3. Four athletic people carrying bricks. 
4. one kid carrying bricks
5. two kids carrying bricks
6. four kids carrying bricks
7. 20 athletic people carrying 10 bricks
8. 20 kids carrying 10 bricks


----------



## sukesh1090 (Nov 30, 2010)

the 7nth one.but iam too sorry to tell that i didn't understand anything.


----------



## ssb1551 (Nov 30, 2010)

sukesh1090 said:


> but you told high clock rate will be better in your second post.



Yeah I guess it was a typo on *Sam*'s part.What he meant to type is this :
" Athlon II X4 will be slightly slower in single threaded apps (cause its clock rate is lower than the DC) & considerably faster in multithreaded apps."
Is it ok now for ya?


----------



## sukesh1090 (Nov 30, 2010)

k and what about games?


----------



## ssb1551 (Nov 30, 2010)

@ *desiibond* - I get the "athletic" & "kids" analogy.Athletic referring to CPUs of higher clock speeds & Kids referring to CPUs of lower clock speeds.Even the 1/2/4 as cores in CPUs but whats with the "20 athletic people carrying 10 bricks"?Whats that supposed to signify?


----------



## NainO (Nov 30, 2010)

Quad core excels on multithreading...
And for singlethread operations three things comes into consideration
1. Clock speed
2. Bus speed and
3. Cache memory
Higher these things - higher the performance!!7


----------



## ssb1551 (Nov 30, 2010)

sukesh1090 said:


> k and what about games?



Most of the games we know use 1/2 cores.I think present day games are trying to use 4 or more cores & in future I believe they'll do so.So for gaming CPU should have high clock speeds & higher L2/L3 cache.
Guys please correct me if I'm wrong.


----------



## sukesh1090 (Nov 30, 2010)

ssb1551 said:


> @ *desiibond* - I get the "athletic" & "kids" analogy.Athletic referring to CPUs of higher clock speeds & Kids referring to CPUs of lower clock speeds.Even the 1/2/4 as cores in CPUs but whats with the "20 athletic people carrying 10 bricks"?Whats that supposed to signify?

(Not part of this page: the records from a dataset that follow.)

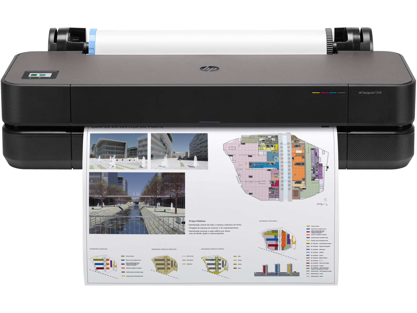 Conteúdo da caixa: Impressora HP DesignJet T250 24 polegadas, cabeça de impressão, cartuchos de tinta introdutórios, eixo, guia de referência rápida, pôster de configuração, cabo de alimentação.
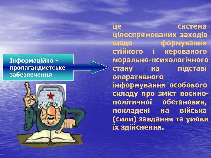 це система цілеспрямованих заходів щодо формування стійкого і керованого Інформаційно морально психологічного пропагандистське стану на підставі забезпечення оперативного інформування особового складу про зміст воєнно політичної обстановки, покладені на війська (сили) завдання та умови їх здійснення.
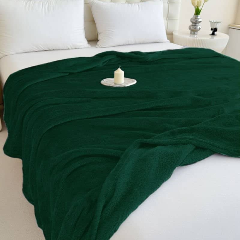 Koc pluszowy 200x220 cm butelkowa zieleń – miękki, elegancki i przyjemny w dotyku
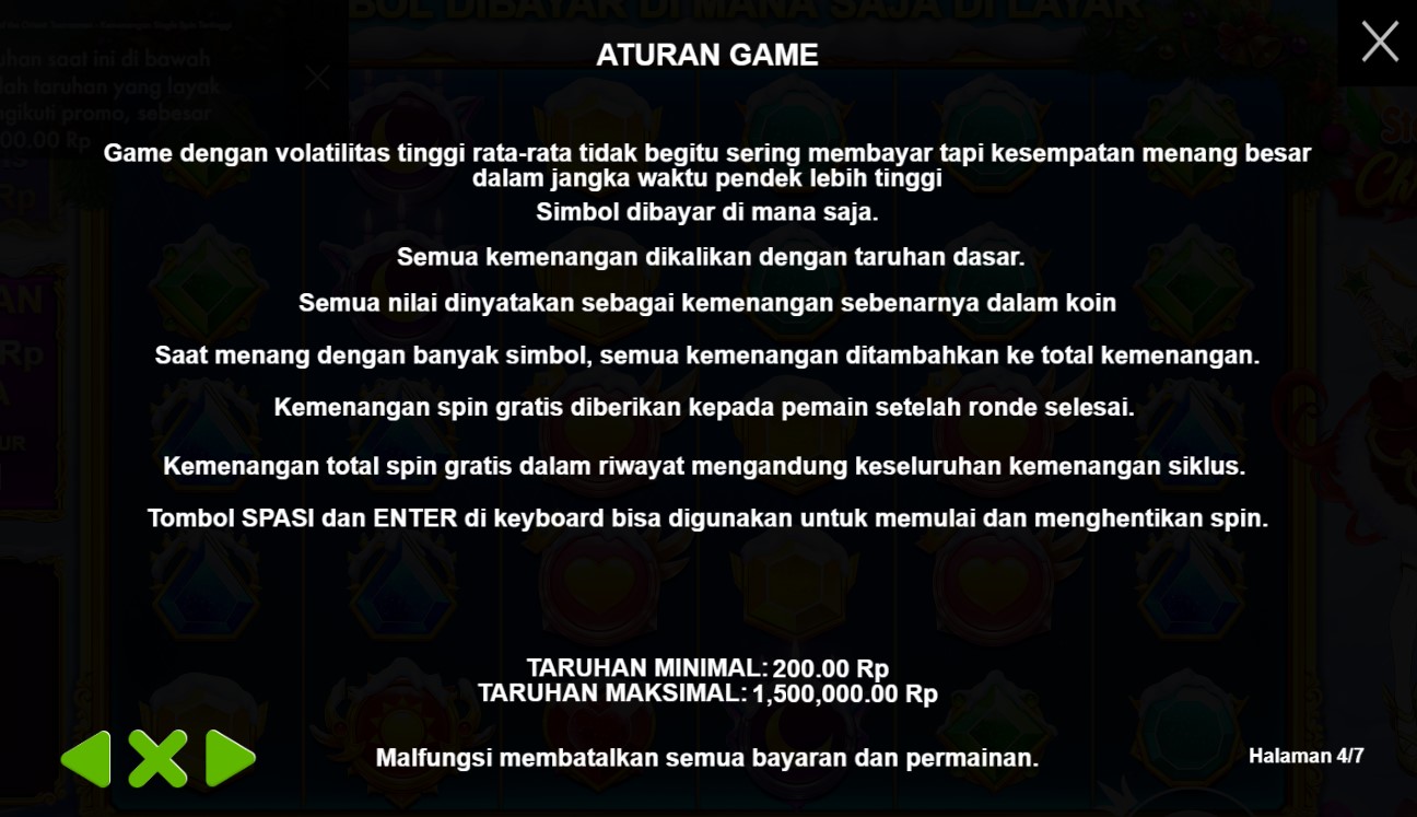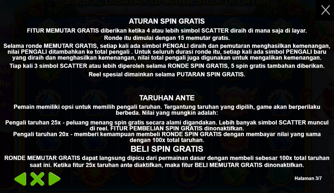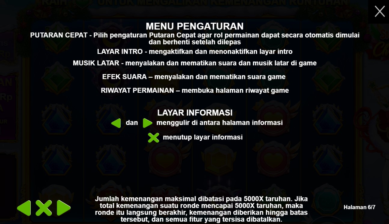 Paytable Slot Online Terpercaya Starlight Christmas menampilkan berbagai simbol yang menarik dan fitur-fitur unik yang membuat pengalaman bermain semakin seru. Simbol Wild, yang diwakili oleh logo game Starlight Christmas, dapat menggantikan simbol lain kecuali Scatter untuk membentuk kombinasi kemenangan. Sementara itu, simbol Scatter, yang berupa gambar Santa Claus, dapat memicu fitur Free Spins jika pemain berhasil mendapatkan 3 atau lebih simbol Scatter. Fitur Free Spins memberikan putaran gratis kepada pemain, dengan jumlah putaran tergantung pada jumlah simbol Scatter yang muncul. Selain itu, game ini juga memiliki fitur Respins yang dapat diaktifkan secara acak setelah putaran reguler, dimana pemain akan mendapatkan Respins dengan simbol Wild yang menempel di gulungan. Tak hanya itu, setiap kemenangan berturut-turut akan meningkatkan Win Multiplier hingga mencapai nilai tertentu, memberikan peluang besar untuk meraih kemenangan besar di Starlight Christmas.
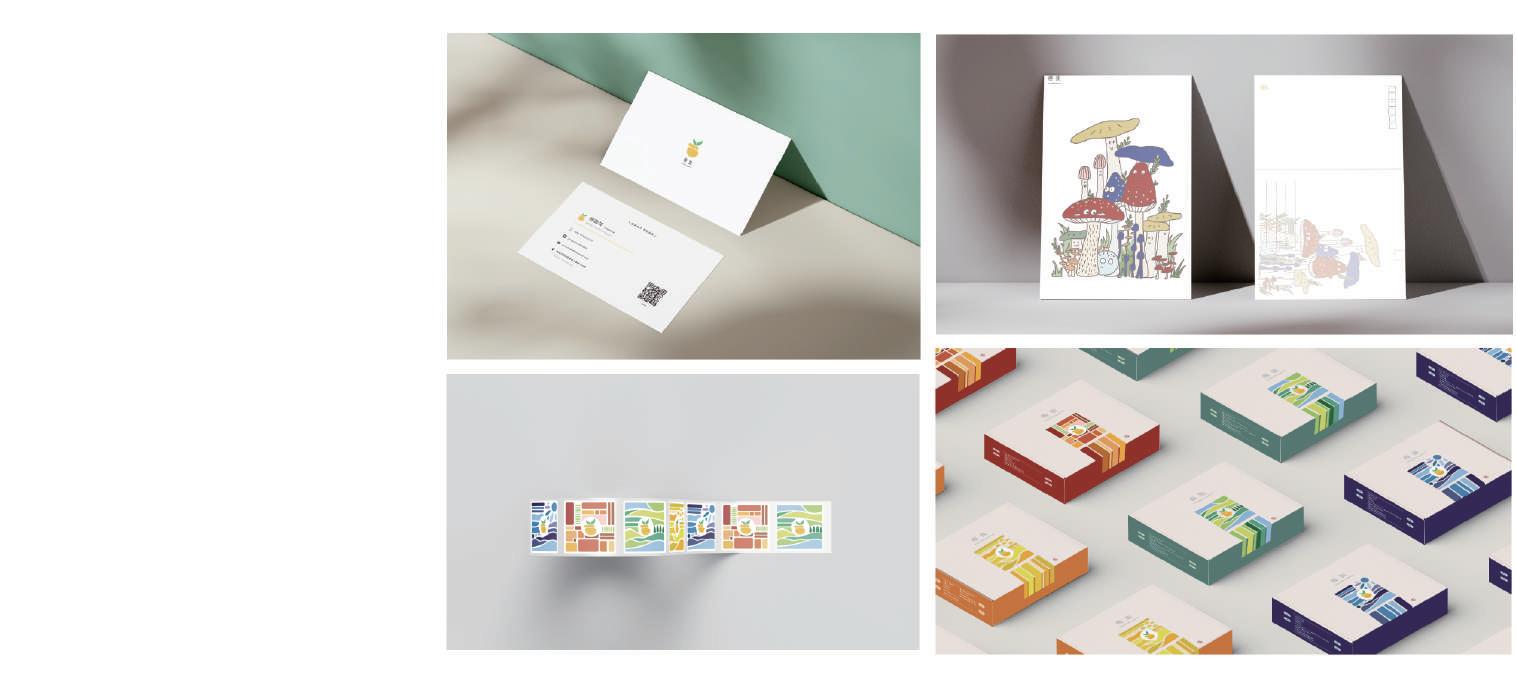 以餐桌上的風景為題,主要結合植栽與調味罐並以整體 為蘑菇森林的造型創作。此logo標誌融合了調味罐與 盆栽的元素,並以較圓潤、清新、有趣的形象展現。
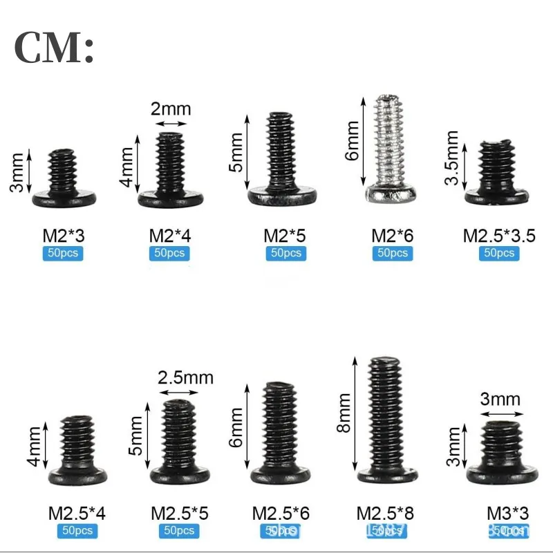 Каждый размер 50 шт., 10 видов винтов для ноутбука для широкого использования.
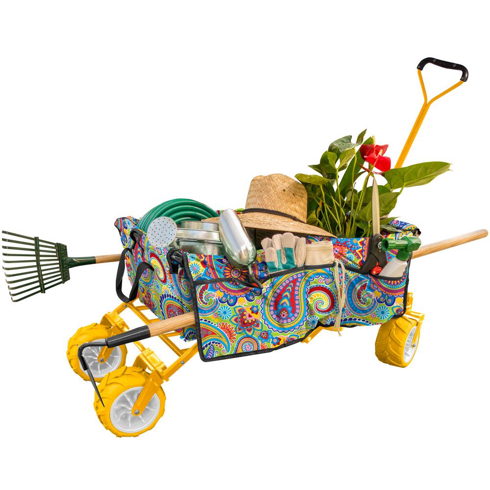 Creative Outdoor 7 Cu Ft Folding Garden Wagon Carts In Paisley Yellow 900268 The Home Depot

yes that is where i also got confused.


----------



## arpanmukherjee1 (Nov 30, 2010)

processors are invariably multicore. there r many factors on which the performance is measured

see Computer performance - Wikipedia, the free encyclopedia

>clock speed
>cpu max voltage
>cpu architecture
>cache
>application
>HT support

if ur application can take advantage of multi core processor and HT (hyperthreading) then it will run effectively as clock rates and cores increase.

if application is single threaded more cores will not effect performance

next is cpu architecture. dual core and quad core r different in architecture and will perform differently under different instruction set or commands.

cpu design is complex topic and comparing two cpus on one or two factors is not appropriate.

the best way to find your cpu is to keep the cost factor and your need in mind and refer bench/statistics from Digit or anandTech etc..


----------



## coderunknown (Nov 30, 2010)

sukesh1090 said:


> but you told high clock rate will be better in your second post.



BUT, Athlon IIs architecture (derived from Phenom II) is much better/newer than the dual core. so it excels or at least is equal than the DC, even when its 200Mhz slower.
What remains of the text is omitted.